2.  The complementary infinitive does not need a subject repeated. 

This is like saying that the following sentence, 'Patriam amare debemus' 
does not need the word Patriam repeated, correct?


----------



## brian

I don't understand your question........  How else would you say it??


----------



## Anne345

It's not a complementary infinitive ! 

debeo : 
*With inf.*, to be bound, in duty bound to do something; I ought, must, should, etc., do it (in class. prose always in the sense of moral necessity... 
(Charlton T. Lewis, Charles Short, A Latin Dictionary)


----------



## Flaminius

bluetoonwithcarrotandnail said:


> 2.  The complementary infinitive does not need a subject repeated.
> 
> This is like saying that the following sentence, 'Patriam amare debemus'
> does not need the word Patriam repeated, correct?

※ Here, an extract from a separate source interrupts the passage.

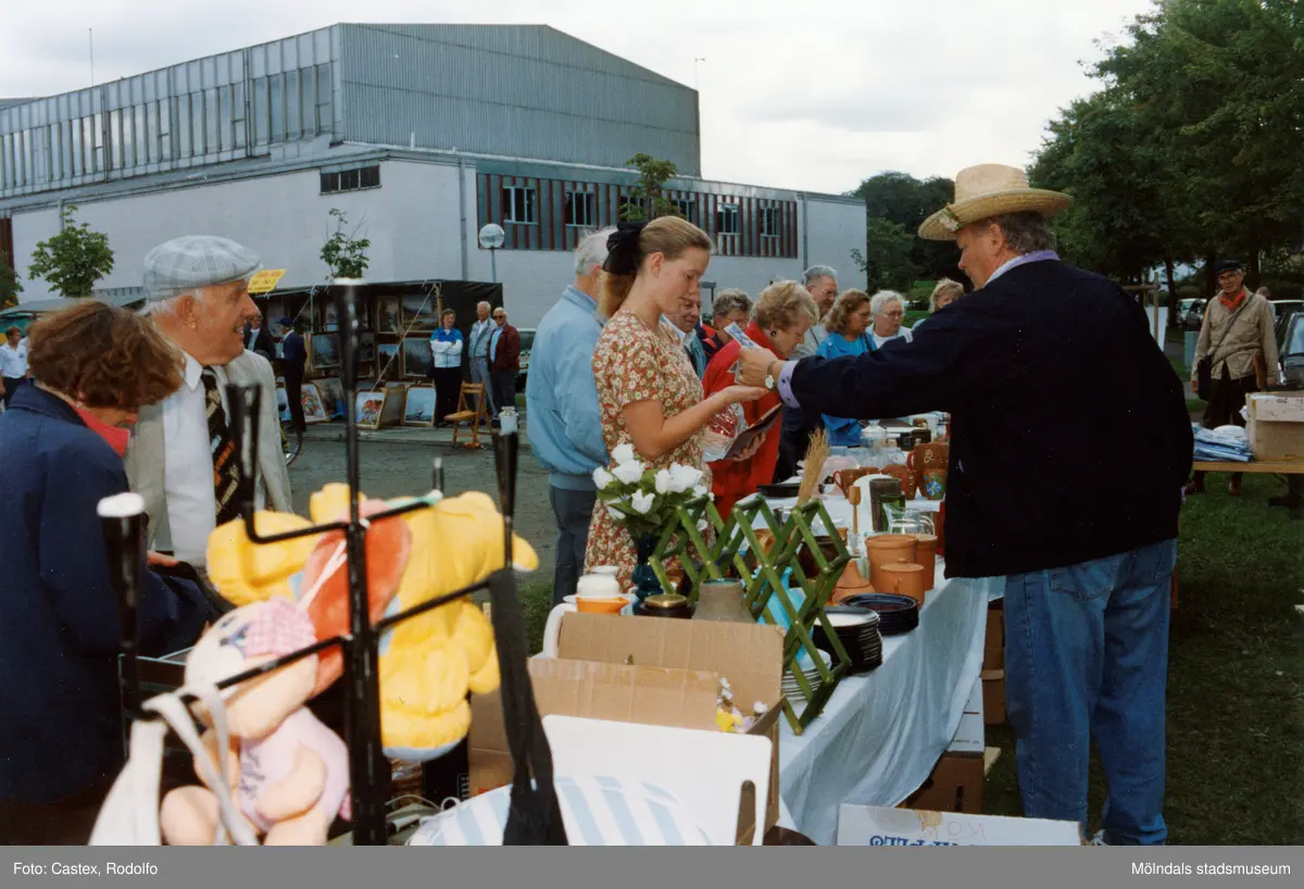 Loppmarknad på Frejaplan i Mölndal på 1990-talet. Idrottshuset/Aktiviteten i bakgrunden.

I am not sure what the construction of _patriam amare debemus_ is called (*Anne345*, maybe you could kindly help?   ) but it is true that this construction "does not need a subject repeated."

The subject of both _amare_ and _debemus_ is "we" (this is represented as the first person plural conjugation _-mus_ and does not have any separate form).  _Patriam_, which is cast in the accusative form, is the object of _amare_; it cannot be the subject of either verb.

If the subject were to be repeated, we would get something like;
debemus nos amare patriam.

However, _nos_ here does not sound very well and perhaps is ungrammatical.


----------



## Cagey

I admire Flaminius' clear explanation. 



> I am not sure what the construction of patriam amare debemus is called....



_Amare_ in the construction _amare debemus_ is indeed what is called a 'complementary infinitive'  according to the terminology commonly used in by Latin textbooks and grammars in the US.    

I assume that Anne uses other terminology.


----------



## rainbowizard

The whole sentence with _debeo_ is unusual... To evidence the logical subject (_Patria)_ and the people who have to love it (_nos)_ I think it's better a passive periphrases:

Patria nobis amanda est


----------



## Cagey

rainbowizard said:


> The whole sentence with _debeo_ is unusual... To evidence the logical subject (_Patria)_ and the people who have to love it (_nos)_ I think it's better a passive periphrases:
> 
> Patria nobis amanda est



Yes, that is another way to express the idea and you might prefer it for stylistic reasons. 

However, the construction being discussed is perfectly good Latin:
_quem omnes amare meritissimo debemus,_ Cic. de Or. 1, 55, 23​


----------



## Anne345

_Omnes debemus ? _


----------



## Flaminius

Anne345 said:


> _Omnes debemus ? _


Of which an implied construction is _nos omnes debemus_.  I have merrily called subjects of this type "appositional subjects" but authoritative references may have a different name for it.


----------